We can hear an impatient Liberal asking : " What is the use of all this talk about Referendums and General Elections when you must know that the Liberals will never agree to either of these things because of the arrange- ment with the Irish, and would not even agree to them if there were no such arrangement because of the necessity of maintaining the sanctity of the representative system against its assailants ? " In other words, the agreement with the Irish bars the way. We come back, then, once more to Exclusion (i.e., Exclusion of a kind which the Ulstermen will accept) as the only possible solution.
For the sake of clearness let us set out once again the various possibilities (1) The dropping of the Bill and the confession that Ireland cannot have Home Rule, owing to the existence of two Irelands, and that therefore the Union is the best, or rather the only, way of regulating the relations between the two islands.

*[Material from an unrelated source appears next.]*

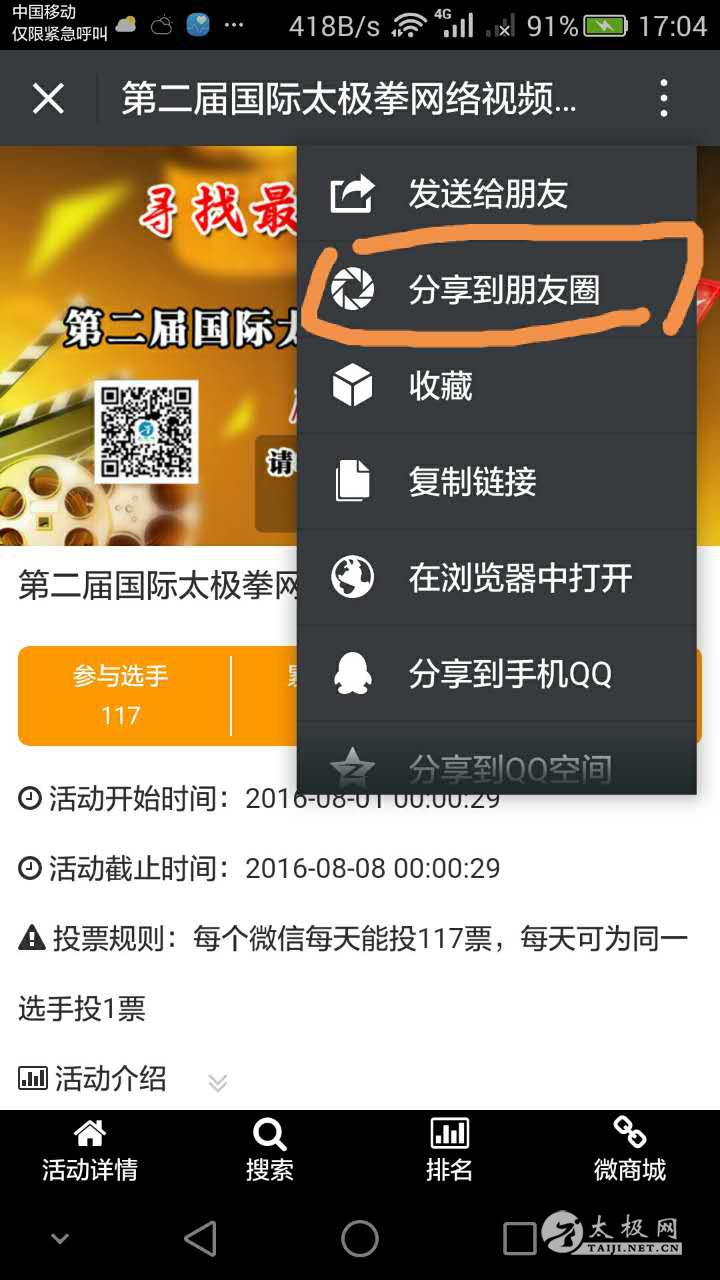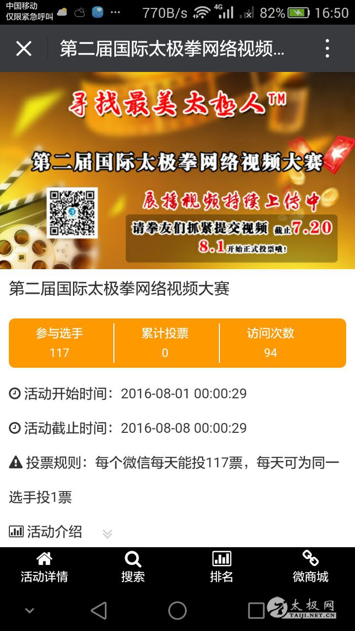 1、 我要去哪里观看参赛视频呢? 手机观看与分享:微信公众号“太极拳” 一键分享,让更多人来看你: 电脑观看:太极网(taiji.net.cn)将为本次活动制作专题网页,并在其他视频网站分享发布,按照收到作品的先后顺序在网上进行展播,同时为参赛作品设置投票系统,于8月1日接受网友投票。 2、 我要参赛,怎么报名? 太极网微信平台报名 扫描二维码报名 扫描二维码报名 Ø 认真填写参赛报名表与视频文件一并发送到大赛组委会,二者缺一不可。视频文件和参赛报名表名称一致,格式为:参赛者姓名+套路名称。 Ø 参赛报名表格可以从太极网下载,内容包括套路名称、参加项目、简短个人介绍、拍摄心得、拍摄地点、拍摄时间等。 报名表下载请点击蓝字:视频大赛报名表.doc Ø 参赛作品可以直接以邮箱、网盘、QQ等形式发送电子版,也可以用光盘、U盘、存储卡等物理存储介质邮寄至组委会。 l 接收视频邮箱:

(2) The referring of the Bill to a Poll of the People. (3) A General Election.
(4) The Exclusion of the homogeneous Ulster without a time-limit, and the application of the Bill to the rest of Ireland.
If Nos.1, 2, and 3 are rejected, there is nothing left but No. 4, for to pass the Bill and not enforce it would, as we have shown, be an act of criminal folly, even if it were followed by an immediate General Election. But No. 4 is barred by the agreement with the Nationalists. How, then, are we to escape civil war as the result of the automatic action of the party majority in the House of Commons plus the Parliament Act? The best answer we can give is: Only by the moderate Liberals declaring that they, at any rate, are not bound by the agreement, and that they must be accorded the right to vote on the time-limit, not as the party Whips order, but as their consciences direct.